RE: [Xen-devel] RE: Saving/Restoring IA32_TSC_AUX MSR



> However for HVM, we should keep its behavior the same as
> on native machine. So if hardware support rdtscp, we will also
> support it in HVM; if not, we will not expose that bit in cpuid 
> to guest. 

As I said, I think this a very bad idea because there
is no way to ensure the behavior of an app/OS in a VM
gives the same results as in a physical machine.
So I think the cpuid rdtscp bit should always be off. 

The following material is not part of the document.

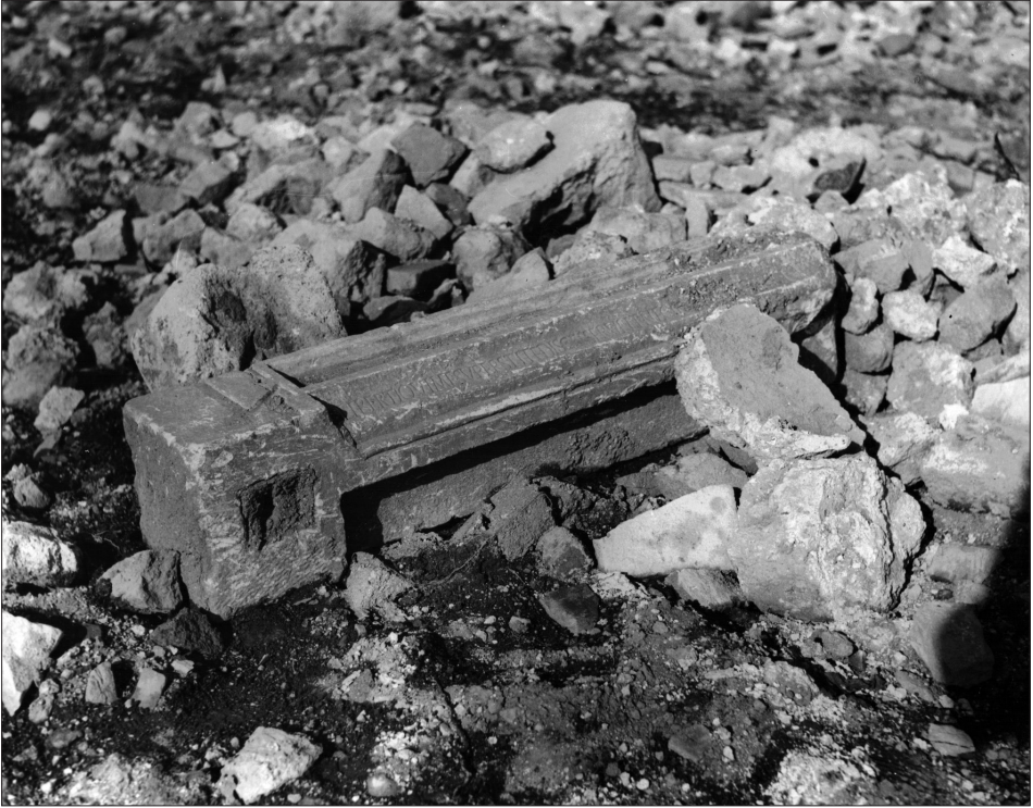
Fig. 1a. Iscrizione n. 1, parte inferiore

quanto, a parte la mancanza di indicazioni specifiche, essa riguarda sostanzialmente un contesto collinare che — alla luce delle nostre conoscenze sulla topografia antica della zona — difficilmente sembra adatto al tipo di edilizia monumentale postulata dai reperti 6 , che ci aspetteremmo piuttosto di trovare lungo la viabilità di fondovalle 7 . In ogni caso, resta comunque probabile che i reperti siano riconducibili alla zona di Patrica e quindi all'antico ager Frusinas .

> increase at save/restore/migration). This makes HVM support a bit
> Tricky because we need to save/restore guest/host TSC_AUX at every
> VMEXIT/VMENTRY. If both PV/HVM could put TSC_AUX writing in 
> context_switch(), then things will become easier for HVM support. 

If you are doing a full faithful implementation of
rdtscp (as if cpuid rdtscp bit is on), I agree this
is a problem.  If not, and the only use of TSC_AUX
is for the pvrdtscp algorithm, I think setting
TSC_AUX in __update_vcpu_system_time() is fine
because TSC_AUX is not part of a VM's context,
it is a communication of information from system
software (Xen) to applications.

I expect that Keir will not support putting TSC_AUX
in the context switch code unless it is absolutely
necessary, as it is certainly expensive to read and
write to TSC_AUX and this cost will add to every
context switch of every VM even though very few will
actually use rdtscp/TSC_AUX.

So I think we need to decide first about approach (1),
the full faithful implementation of rdtscp.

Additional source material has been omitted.